Celebrating 25 years of a Classic: Oasis’s What’s the Story Morning Glory

This month marks the 25th anniversary of the release of the second album by Manchester’s finest, Oasis, an album that was offered to the public slap, bang in the middle of the height of Britpop and arguably still hits the right notes.

Let’s rewind to the early 1990s and consider just how groundbreaking Oasis, and their fellow Britpop acts, were to the not just the music scene, but also across all manner of style, fashion and even political lines.

Oasis set the trend with the brand of ‘in your face’ balladeering, their swagger on stage was matched by a fashion sense that was soon replicated across the UK and beyond. 

Liam Gallagher found himself the darling of the press and fronted just about fashion mag doing the rounds, from GQ to Esquire, with every ‘lad’s’ mag in between. He was of course usually pictured alongside an attractive girlfriend, or wife, or two.  

Hell, even in 2019 the former Oasis frontman found himself the subject of a lengthy Q+A with Vogue magazine. The cultural impact of the band is undeniable, men of a certain age wanted to be them and certainly did their best to dress and act like them too. Be that while wearing chunky sunglasses, which thankfully you can now consider the option to try on glasses online, or a Fred Perry shirt and stylish Doc Marten boots.

A lot has changed since then.

2020 finds the Gallagher brothers working hard to make the most of their respective solo careers; Noel’s act The High Flying Birds, have released three critically acclaimed albums before going on something of a hiatus since their last major tour in 2019. 

Liam put Beady Eye, his previous band, to bed in 2014 and has elected to release his efforts in a more pared down manner, with his last effort, Why Me? Why Not, proving a major success in the UK, but the painful truth is that the pair are never as good as when they are working alongside other members of Oasis.


Listening to What’s the Story Morning Glory, WTSMG, 25 years on still brings goosebumps to those who grew up during the peak of the Britpop era, and the quality of the record lives beyond the sheer nostalgia.

It would have been easy for Oasis to ‘phone it in’ after the unmitigated success of their first album, Definitely Maybe in 1994, but what Liam, Noel, “Bonehead”, “Guigsy”, Alan, and to a lesser extent, Tony, created over the course of three months in a studio south Wales can certainly be considered a modern masterpiece.

Whereas Definitely Maybe benefited from a somewhat rough ambience, a lack of strong production, which gave their debut album the feel of an act looking to burst onto the scene, WTSMG is a more polished effort.

Producer Owen Morris layers the audio superbly, especially on anthemic closer Champagne Supernova, while also allowing show-stoppers such as Roll With It and Some Might Say to truly rock the listener. 

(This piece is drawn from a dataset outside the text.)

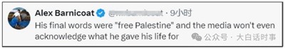 X平台上有个点赞超过3万的热评,直接说“他生命最后一句话是‘解放巴勒斯坦’,媒体甚至不会报道他为什么献出了生命”。
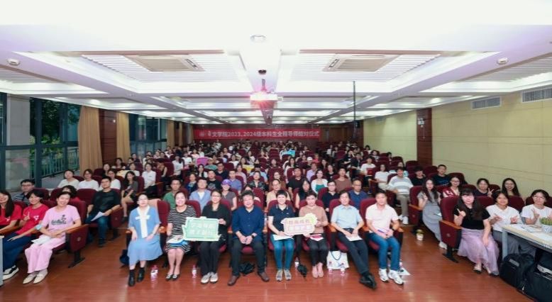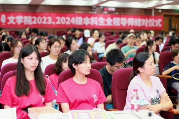 9月20日下午,文学院2023、2024级本科生全程导师结对仪式在宝山校区蔡冠深讲堂举行。AC米兰官方网站党委教师工作部副部长孙琦琰,AC米兰官方网站本科生书院管理中心(“一站式”学生社区中心)副主任佟丽宁,AC米兰官方网站招生就业处副处长陈涛,文学院党委书记陆甦颖,文学院党委副书记、院长刘旭光,文学院党委副书记、副院长丁佳蒙,文学院副院长杨长云,文学院中文系系主任张永禄,文学院历史学系系主任郭丹彤,文学院本科生教务秘书、本科生辅导员、研究生辅导员以及文学院2023级、2024级全体本科生出席结对仪式。会议由文学院2024级本科生辅导员、青云书院主管丁小苜老师主持。

The album really comes to life due to the rapid maturity shown by chief songwriter Noel, with classics such as Don’t Look Back in Anger and Wonderwall, that have not only stood the test of time,  but have in fact developed an extended appeal all these years later.


The success of the album saw Oasis solidify their base and the supporting live shows were immense in scale. Famously two concerts at Knebworth saw the band perform to over 250,000 people, a show that astoundingly saw 2.5m people apply for tickets.

What’s the Story Morning Glory has gone on to sell in excess of 22 million and saw Oasis do what arch Britpop rivals Blur couldn’t, as they blew a massive hole in the American market. Any cursory glance across all manner of social networks shows that the album is still very much loved, with countless posts celebrating this 25th anniversary milestone effusively.

In 2020 there is a general consensus that Oasis have become something of a marmite act, either you love them or you loathe them. There are some who feel that their overall musical offering is one-note or lacking substance, but such a characterization is unfounded. 

Others feel the need to deride the band, electing for some reason to instead laud the likes of Blur or Radiohead, as if there was a need to eradicate the existence of one band in order to praise another. There doesn’t, of course, need to be a mutual exclusivity to the argument. 

There was, and still is, plenty of room for all these bands to muster your affection.